After running this script a few times, you’ll often start to see the weaknesses of the naive setup. The container might look stable at first, but as memory usage grows and GC starts working harder, you can run into sudden OOMKills or noticeable pauses in responses.From the outside it just feels like “sometimes the service is slow” or “the pod randomly dies,” but under the hood it’s usually the JVM making decisions based on the wrong assumptions about how much memory it really has. To fix that, we need to stop relying on the defaults and make the JVM explicitly aware of the container’s limits, which is exactly what we’ll do with a tuned Dockerfile and better JVM options in the next section.

4. Add metrics - Spring Boot + Micrometer + Promethus

Before we start tweaking JVM options, it’s important to have some basic visibility into how the JVM is behaving. Otherwise we’re just guessing.
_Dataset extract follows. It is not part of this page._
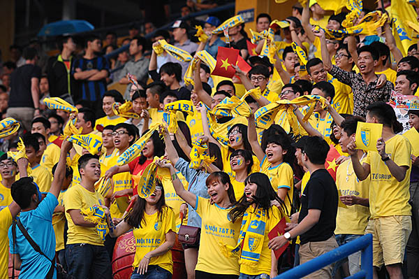 Ở góc sân Hàng Đẫy, các CĐV của HA.GL cũng lặn lội từ Pleiku đến ủng hộ cho thầy trò HLV Guillaume Graechen. (ảnh: Linh Phan/NDĐT)
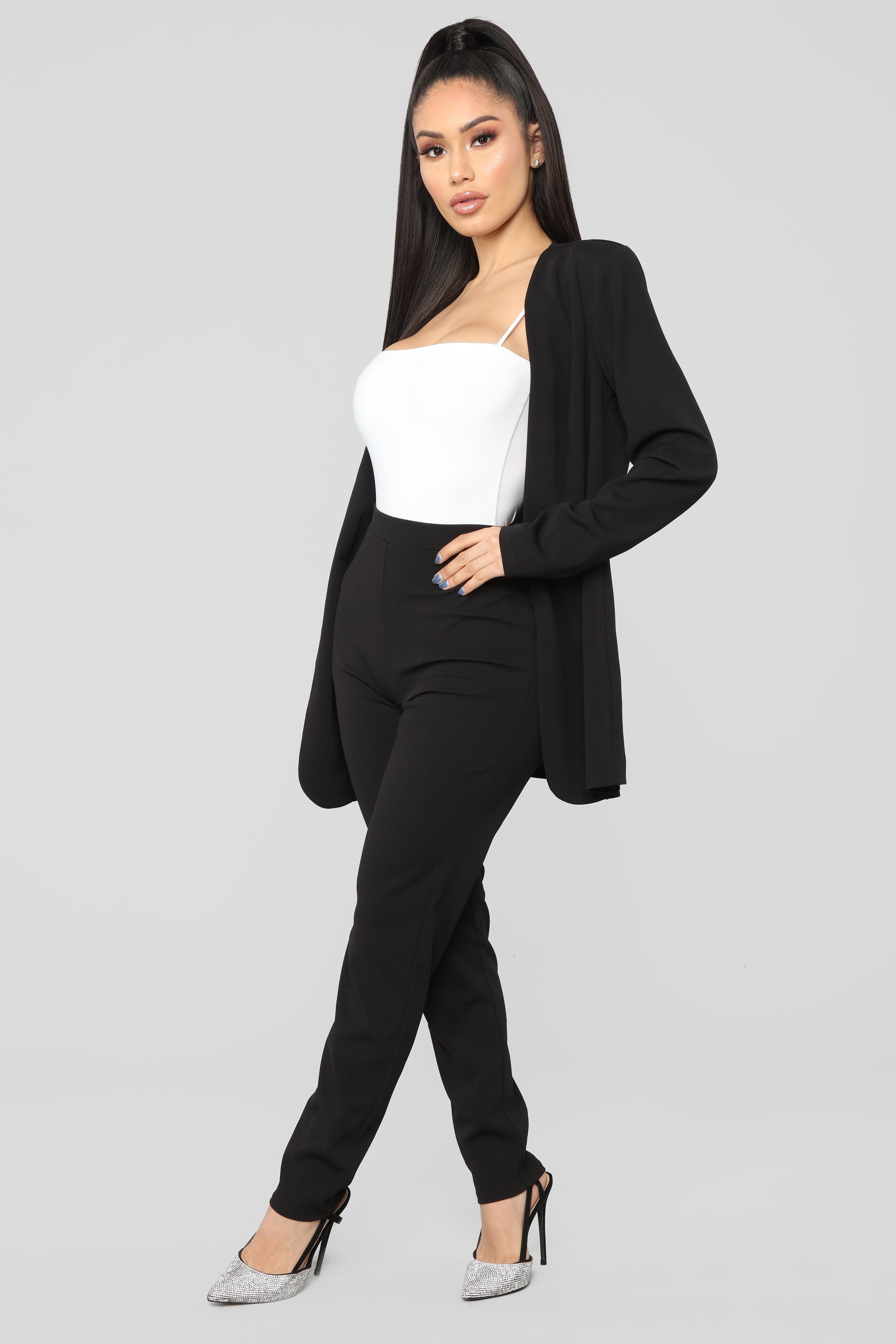 Available In Black, Mauve, Mocha, Mustard, And Mint Stretch Crepe Set Open Blazer Shoulder Pads Skinny Leg Pant High Waisted 29 Inseam Stretch 95% Polyester 5% Spandex Imported |

Spring Boot makes this pretty easy through Actuator and Micrometer, and with a Prometheus registry we can export standard JVM metrics like heap usage, GC pauses, and thread counts. By wiring these pieces together, we can see how our naive container behaves under load and then compare it directly with the tuned version later. The dependencies below enable Actuator in our application and register a Prometheus endpoint so that any metrics backend—or even a simple local Prometheus and Grafana setup—can scrape and visualize what the JVM is doing over time.
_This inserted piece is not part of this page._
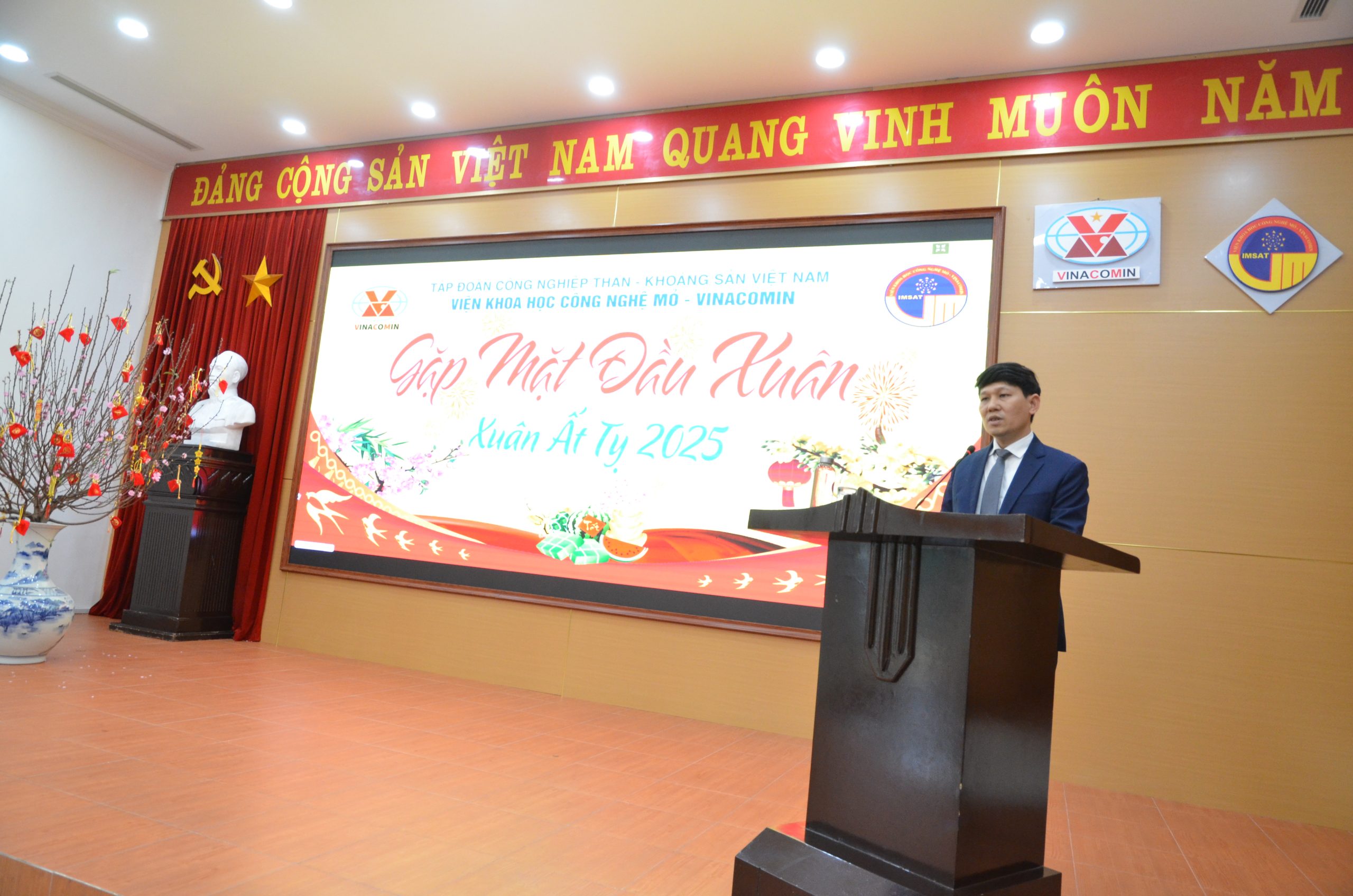 Sáng ngày 03/02/2025 (tức ngày mồng 6 Tết Ất Tỵ), trong không khí tưng bừng, ấm áp của những ngày đầu xuân mới, Viện Khoa học Công nghệ Mỏ tổ chức gặp mặt Khai xuân Ất Tỵ năm 2025 theo hình thức trực tiếp và trực tuyến, kết nối với điểm cầu tại Trung Tâm An toàn Mỏ. Đồng chí Đào Hồng Quảng – Bí thư Đảng ủy, Viện trưởng chủ trì Buổi gặp mặt.

<!-- Add actuator and prometheus registry -->
<dependency>
    <groupId>org.springframework.boot</groupId>
    <artifactId>spring-boot-starter-actuator</artifactId>
</dependency>

<dependency>
    <groupId>io.micrometer</groupId>
    <artifactId>micrometer-registry-prometheus</artifactId>
</dependency>

management:
  endpoints:
    web:
      exposure:
        include: health,info,prometheus  # Expose prometheus endpoint
  endpoint:
    prometheus:
      enabled: true                      # Enable prometheus endpoint
  metrics:
    tags:
      application: jvm-tuning-demo       # Add common tag

With these properties in place, Spring Boot exposes a small HTTP endpoint that publishes all of the application’s metrics in Prometheus format. The health and info endpoints give you basic liveness details, while the prometheus endpoint is where all the JVM and HTTP metrics are scraped from. By adding a simple application tag, we also make it easier to filter and group metrics later when multiple services are running in the same cluster. At this point you can start the application, open the /actuator/prometheus URL in a browser, and you should see a long list of jvm_ and http_server_ metrics that we’ll use to compare the naive and tuned JVM configurations.
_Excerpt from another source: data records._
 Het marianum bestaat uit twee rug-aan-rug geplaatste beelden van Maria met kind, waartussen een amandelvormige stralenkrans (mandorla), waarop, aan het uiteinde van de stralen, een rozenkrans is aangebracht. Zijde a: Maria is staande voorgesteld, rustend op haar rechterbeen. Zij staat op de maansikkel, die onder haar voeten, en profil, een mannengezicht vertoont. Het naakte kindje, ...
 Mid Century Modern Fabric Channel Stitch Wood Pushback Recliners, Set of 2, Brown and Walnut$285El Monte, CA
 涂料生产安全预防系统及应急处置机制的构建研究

5. Tuned Dockerfile - container-aware JVM settings

Now that we have some visibility into how the JVM behaves, we can build a more realistic Docker image that is actually aware of the container’s limits. Instead of letting the JVM guess the heap size and GC strategy, we’ll pass a small set of options that explicitly control how much memory the heap can use and how aggressively garbage collection should run. The goal is not to find the perfect magic numbers, but to show a sensible starting point that respects the container’s RAM limit and avoids surprise OOMKills under load. In the Dockerfile below, we keep the same base image and application JAR as before, but introduce a JAVA_OPTS environment variable with container‑aware flags. This tuned image will behave much more predictably when we give it the same 512 MB limit as the naive version, which makes it easy to compare the two side by side.

Tuned Dockerfile.

# File: Dockerfile-tuned
FROM eclipse-temurin:17-jdk-alpine                        # Use container-aware JVM

WORKDIR /app                                              # Set working directory

COPY target/jvm-tuning-demo.jar app.jar                   # Copy jar

# Optional: set JVM options via environment variable
ENV JAVA_OPTS="-XX:+UseContainerSupport \
 -XX:MaxRAMPercentage=70.0 \
 -XX:InitialRAMPercentage=70.0 \
 -XX:+UseG1GC \
 -XX:MaxGCPauseMillis=200 \
 -XX:+ExitOnOutOfMemoryError"

EXPOSE 8080                                               # Expose port

ENTRYPOINT ["sh","-c","java $JAVA_OPTS -jar /app/app.jar"] # Run java with tuned options

With this Dockerfile in place, we’re still building and running the application in almost the same way as before, but the JVM now starts with a much clearer picture of its environment. The heap is capped to a percentage of the container’s memory instead of whatever the JVM might infer from the host, and G1GC is instructed to aim for reasonably short pause times.We also tell the process to exit immediately on an out‑of‑memory error so that an orchestrator like Kubernetes can restart it quickly instead of leaving a half‑broken pod running. To keep the comparison fair, we’ll run this tuned image with the same 512 MB memory limit as the naive version and send it through the same load test, then look at how memory usage, GC pauses, and latency differ between the two.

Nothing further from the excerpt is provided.